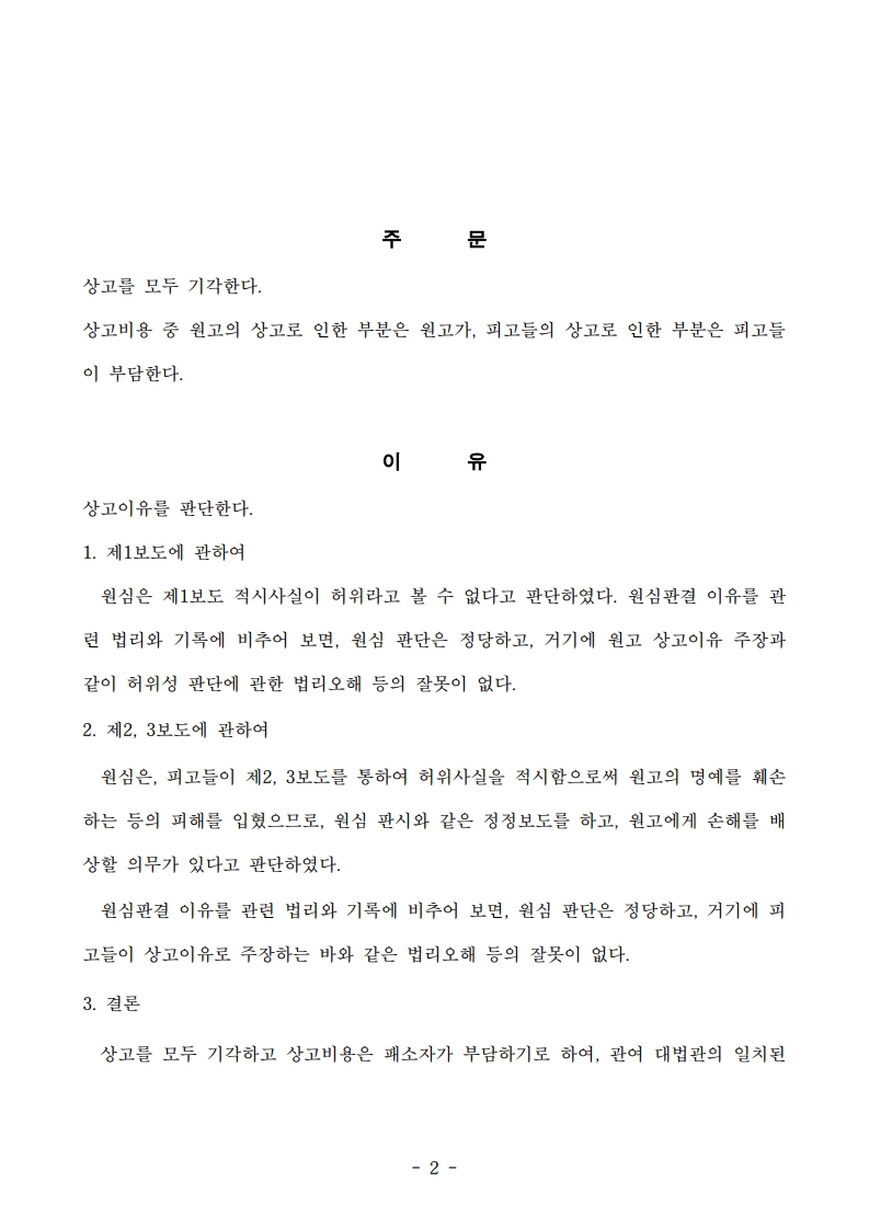 원심은, 피고들이 제2, 3보도를 통하여 허위사실을 적시함으로써 원고의 명예를 훼손
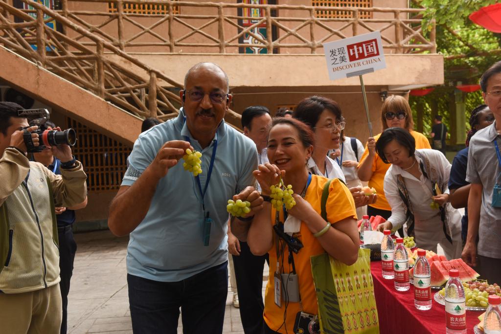 在吐魯番葡萄溝景區一處民宿家訪點,古樸精緻的傳統民居讓參訪團成員讚不絕口,他們與民宿主人坐炕話家常,感受當地居民勤勞質樸和追求美好生活的精神面貌。突尼斯共和國駐華大使館參讚本·亞古·阿代勒十分鍾愛這裡的美食。他説:“不管是在百姓家中還是城市街道,我都能感到新疆人民的樂觀豁達、和善友好,很高興受到邀請在這裡做客,這裡風景很美,但是居民的心更美,他們的好客精神讓我感到溫暖,我已經與他們成為朋友。”
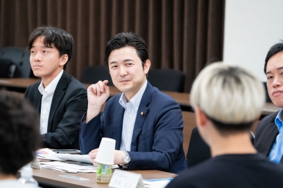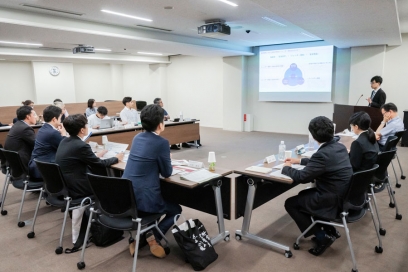 その後、椎木講堂大会議室で博士課程学生への経済支援・キャリア支援を行っている「九州大学 未来を拓く博士人財育成プログラム (K²-SPRING)」、アントレプレナーシップに関する実践的教育・研究を行っている「九州大学ロバート・ファン/アントレプレナーシップ・センター (QREC)」の概要について説明を受け、学生との意見交換を行いました。
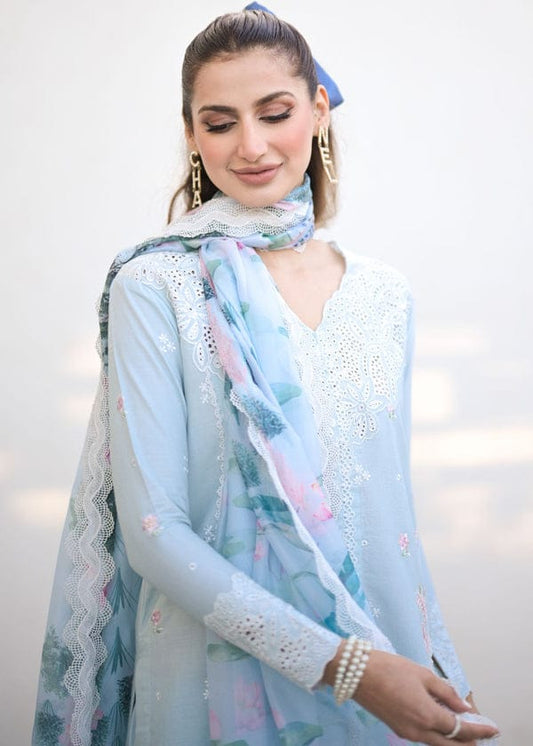 Pure Lawn Sky Blue Embroidered Dress - LL239

■ Assignment: Leave out the pictures and restate, word for word, the lines from the top of the data through the line containing "在吐魯番葡萄溝景區一處民宿家", both included.

■ Answer to this task:
 원심은, 피고들이 제2, 3보도를 통하여 허위사실을 적시함으로써 원고의 명예를 훼손
 在吐魯番葡萄溝景區一處民宿家訪點,古樸精緻的傳統民居讓參訪團成員讚不絕口,他們與民宿主人坐炕話家常,感受當地居民勤勞質樸和追求美好生活的精神面貌。突尼斯共和國駐華大使館參讚本·亞古·阿代勒十分鍾愛這裡的美食。他説:“不管是在百姓家中還是城市街道,我都能感到新疆人民的樂觀豁達、和善友好,很高興受到邀請在這裡做客,這裡風景很美,但是居民的心更美,他們的好客精神讓我感到溫暖,我已經與他們成為朋友。”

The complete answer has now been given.